### Example 8:flexural stress for double reinforced beam using transform area method

determine the flexural stresses for the beam shown in figure 1 using the transformed-area method.
Figure 1

Transform area for steel in tension area=n.As
As=4*1.0=4in2
Transform area for steel in tension area=4*9=36in2

Transform area for steel in compression area=(2*n-1)*.As
As=4*0.79=3.16in2
T.A for steel in compression area=(2*9-1)*3.16=53.72in2

reinforcing steel in compression area will enhance the performance of beam and reduce the size of the beam significantly. also, it will help in positioning stirrups or shear reinforcement. compression steel will contribute to resisting concrete creep and long term deflection. therefore it will be stressed highly with time. transform area will be doubled 2*n*As'. in this example, we used (2*n-1) to deduct the holes of reinforcing bars in the compression area.

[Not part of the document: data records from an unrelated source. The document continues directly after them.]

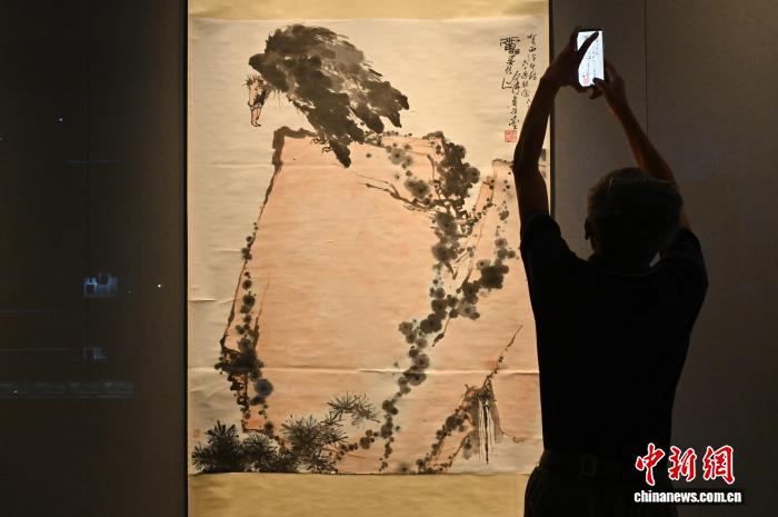 圖為潘天壽的《禿鷲圖》吸引參觀者拍照。中新社記者 陳楚紅 攝
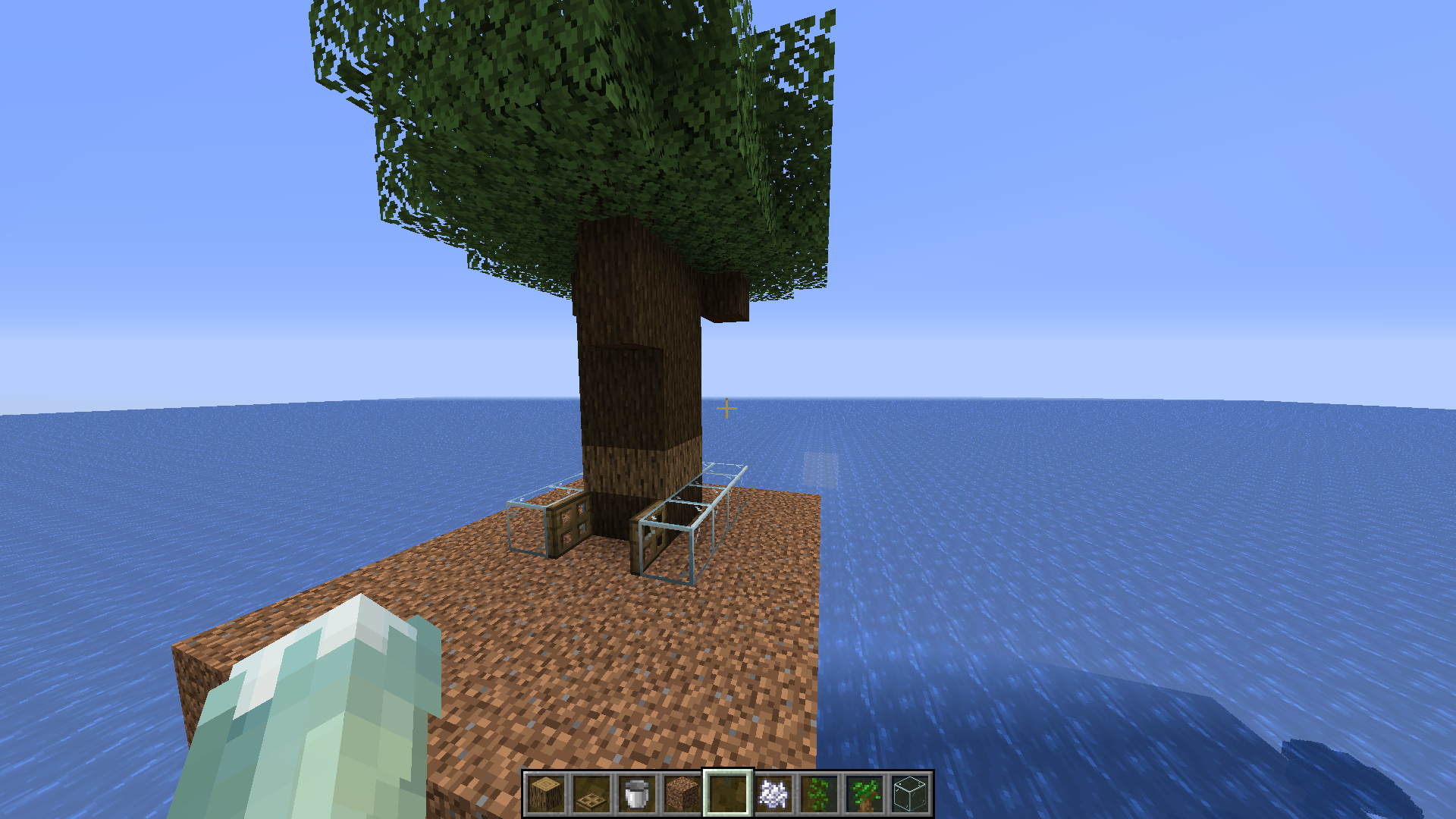 Screenshot 1 shows a bugged Dark Oak tree, as well as an Acacia tree and a giant Jungle tree that grew correctly in similar conditions. Screenshot 2 shows a non-bugged Dark Oak tree grown in an identical planter, but out of water.
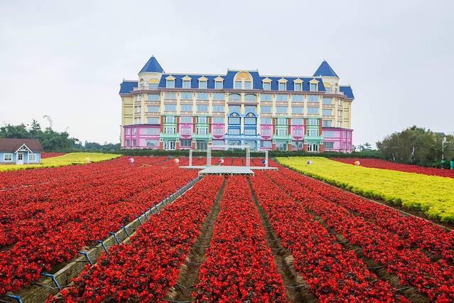 百万葵园花之恋主题酒店,给你童话一般的体验。花之恋主题酒店的外观是彩色的,欧式城堡建筑,在阳光下呈现五彩缤纷的模样,各位地吸引人。酒店一共有6层,每层都是不一样的鲜花主题房,这次我们看了郁金香的花海,所以晚上睡进郁金香主题房内,特别有新意。

neutral axis location by equalling moments of the area around the neutral axis as shown in figure 2

53.72*(x-2.5)+18*x*(x/2)=36*(29-x)
53.72x-134.3+9x^2-1044+36x=0
9x^2+89.72x-1178.3=0
x=7.5in

Figure 2

moment of inertia using parallel axis theorem
=(18*7.5^3)/12+5.4*18*3.75^2+53.72*5^2+36*21.5^2
=19983.68in4=0.93ft4

flexural stress at extreme compression fiber where y=7.5in=0.625ft
fc=(M*y)/I
=(320*0.625)/0.93=215k/ft2=1493psi

flexural stress at center of compression reinforcing steel where y=5in=0.417ft
fs'=(2*n*M*y)/I
=(2*9*320*0.417)/0.93=2580.65k/ft2=17921psi

flexural stress at the center of tension steel where y=21.5in=1.79ft

fs=(n*M*y)/I
=(9*320*1.79)/0.93=5548.39k/ft2=38530psi

1. thank you for providing us these example. it was very beneficial to me.
can i understand , why you doubled the area in compression steel. it should be (n-1|) As' , it was nAs'-As' = As' (n-1) that already consider As' area that deducted.